Reduction of risk is often a rather fine exercise, it needs both skill and patience
The early days of a normal individual’s retired life can be best described as the triumph of hope over anxiety. Only the luckiest among us can sustain that joyous feeling for the rest of our lives. However, most people, for want of a better word, are ill-fated on that front. They must slog hard, pay expenses, and even hustle a bit, in order to maintain their lifestyles. And after taking care of rising food prices, steeper medical costs, higher fuel prices, and so on, that appears to be a mammoth task indeed.
A scenario like this would, of course, not unfold if you had lived a frugal existence. Or if you had done all the right things – started early, selected the right financial products, invested methodically, and reaped the benefits.
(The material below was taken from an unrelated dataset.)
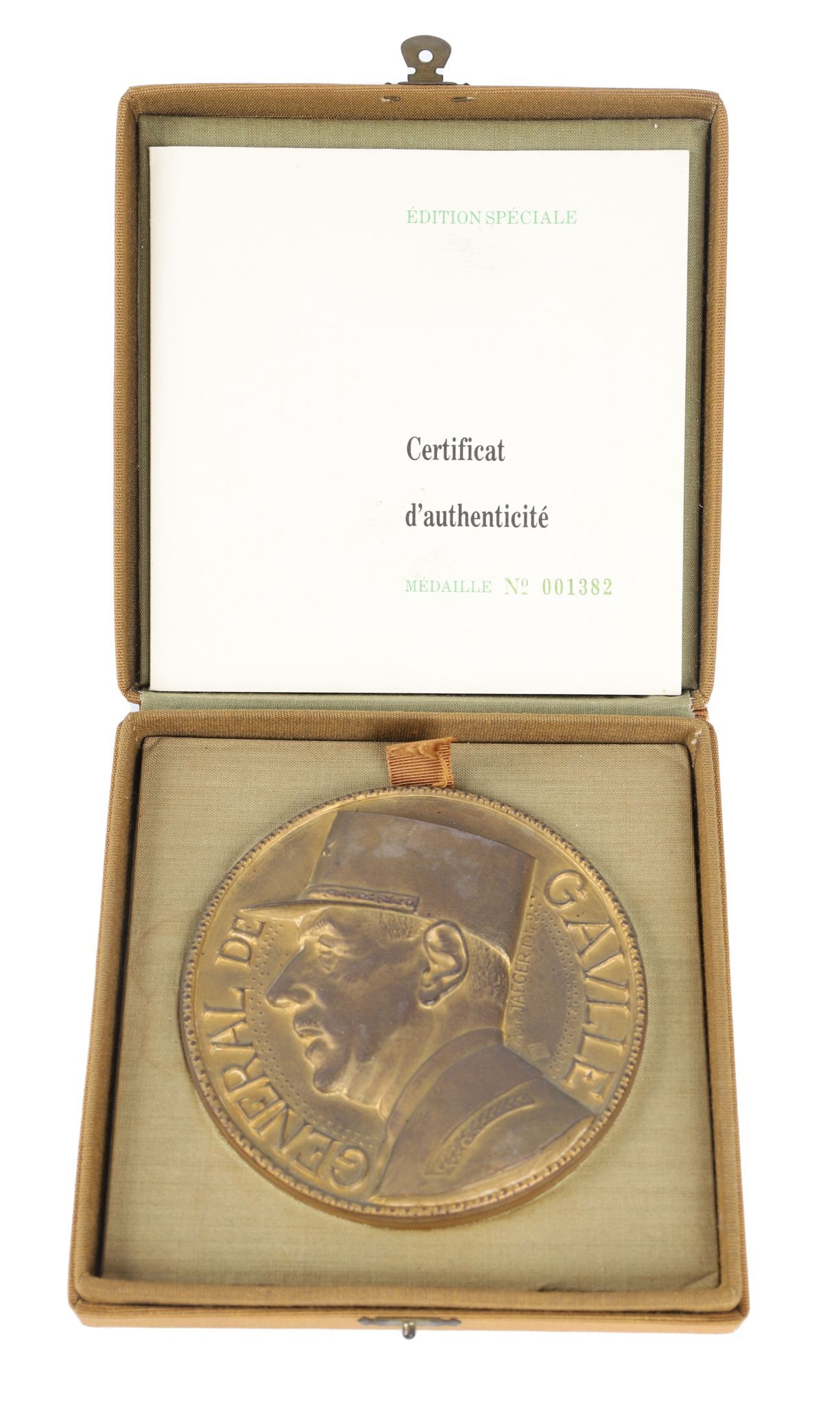 A large bronze commemorative medal bearing the profile portrait of General Charles de Gaulle, inscribed “Général de Gaulle.†Housed in original presentation case with certificate of authenticity titled Édition Spéciale – Certificat d’authenticité, numbered Médaille No. 001382.
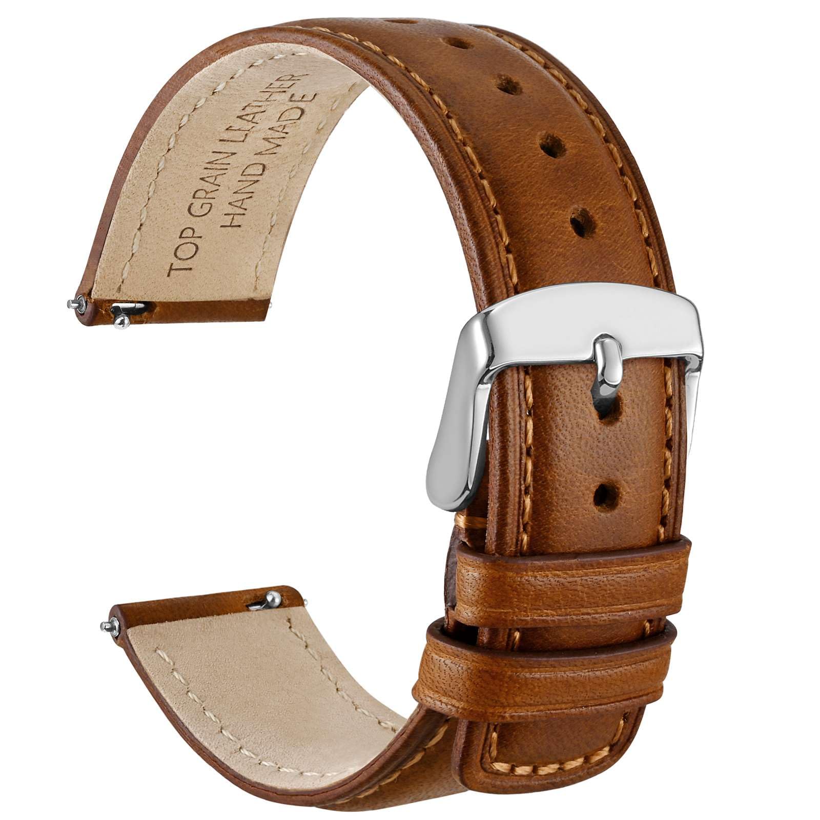Watch Strap Material: Made of top grain leather in distressed workmanship and the lower layer that touches the wrist is comfortable suede calfskin lining, with classic tone to tone stitch and solid stainless steel buckle. These bands strike the perfect balance between durability and style, making them suitable for both casual and formal occasions

Or if you had extraordinary luck at your disposal and was actually identified as a sole surviving relative of an insanely-rich uncle and the beneficiary of his estate.
None of these things happened in your case, and, lo and behold, we are back where we started: the tug-of-war between hope and anxiety. You could become utterly hopeful because you think your savings would just be enough to sustain your post-retired days. Or, at the other end of the spectrum, you could become truly anxious, because of the gnawing feeling that your kitty would get depleted sooner (or worse – you would actually outlive your wealth!)
At any rate, a large number of not-so-lucky investors would need to be reminded of my latest dictum: he who retires last retires best.
I would take a minute of your time to explain. Imagine you have worked hard all your adult life and have happily retired when superannuation time came. You are physically fit, and your bank account records a fairly decent figure. You have sundry investments – stocks, mutual funds, precious metals, and maybe, just maybe, even an apartment or two registered in your name. There is health insurance too. And you know all these would be enough to meet your current needs.
Now, imagine just the opposite. You have precious little to spare, a state of affairs that is too distasteful for you to discuss. For all you know, the rest of your days would be nightmarish – just about enough for two square meals, limited access to utilities, and practically no luxuries. You are healthy enough, you do have a modest insurance cover, but then you never had proper medical insurance. You do have a couple of fixed deposits in PSU banks, but then you had never invested in the stock market. You do have a rented flat to live in, but then you never purchased your own accommodation.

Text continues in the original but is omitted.